Sul cancello di ingresso del vecchio stadio del Southampton, il mitico The Dell – demolito nel 2001 per fare posto al St Mary’s Stadium – c’era un cartello con scritto: “Welcome to The God’s House”. Dio, all’epoca, ossia tra la fine degli anni Ottanta e fino al 2002, era Matthew Le Tissier.
Nato nella piccola Saint Peter Port, capitale dell’isola di Guernsey, a pochi chilometri dalla costa francese, il 14 ottobre 1968, viene notato a 13 anni in un camp Saints Soccer School. Gli osservatori del Southampton rimangono impressionati dal talento e dalle doti balistiche del giovane Le Tissier, e nel 1985 lo mettono sotto contratto.
L’anno successivo, nella stagione 1986/1987, fa il suo esordio tra i grandi: la partita è quella di FA Cup del 4 novembre, di fronte il Manchester United ad Old Trafford. I Saints passeggiano, finisce 4-1, con due reti del centrocampista di Saint Peter Port. Qualche giorno dopo, arriva anche la prima presenza in First Division, contro il Barnsley. Le prime tre stagioni, alla fine, mette insieme 89 presenze e ben 23 reti: non male per un centrocampista.

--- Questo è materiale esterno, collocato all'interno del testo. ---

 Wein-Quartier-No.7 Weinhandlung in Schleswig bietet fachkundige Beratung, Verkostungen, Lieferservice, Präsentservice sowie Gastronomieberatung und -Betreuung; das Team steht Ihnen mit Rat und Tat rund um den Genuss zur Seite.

La consacrazione arriva nel campionato 1989/1990, quando Le Tissier conquista il PFA Young Player of the Year Award, premio dedicato al miglior under 24 del campionato. Strameritato, perché alla fine chiude con 20 reti, terzo cannoniere del torneo, trascinando il Southampton fino al settimo posto.

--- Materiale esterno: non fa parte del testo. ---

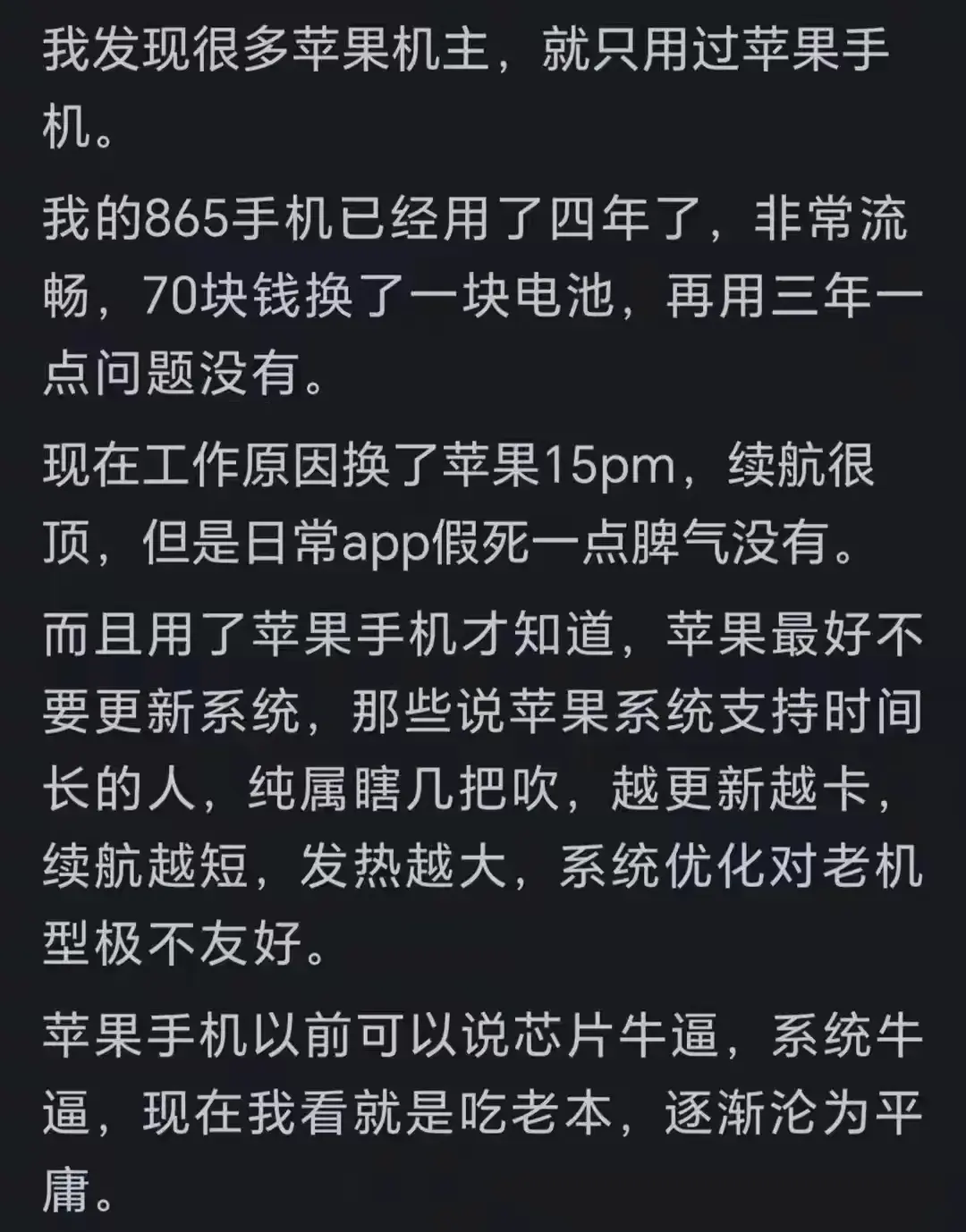 monxo的說法贏得不少認同。"用了幾年就會覺得手機卡卡的,根本沒法好好用了""iPhone續航能力實在太差,兩三年就得換電池"。更有果粉吐露無奈:"我都習慣了每兩年必換新機,蘋果說4-5年純屬忽悠。"但也有持不同觀點者認為,使用習慣和保養方式很大程度決定了使用年限。

Nelle stagioni successive, sono tante le squadre che bussano alla porta dei Saints, dal Tottenham al Chelsea, dal Liverpool all’Arsenal, ma Le Tissier, di lasciare il club, non ne vuole sapere. Resterà fino al 2002, ma la parabola discendente, dopo tante stagioni sulla cresta dell’onda, inizia alla fine degli anni Novanta, quando iniziano a tormentarlo gli infortuni. Chiude con 552 presenze e 218 reti, diventando il simbolo di una squadra e di una tifoseria, quella del Southampton. Non riuscirà mai a conquistare un trofeo, né un posto in Nazionale, con cui gioca appena 8 partite, perlopiù da subentrante.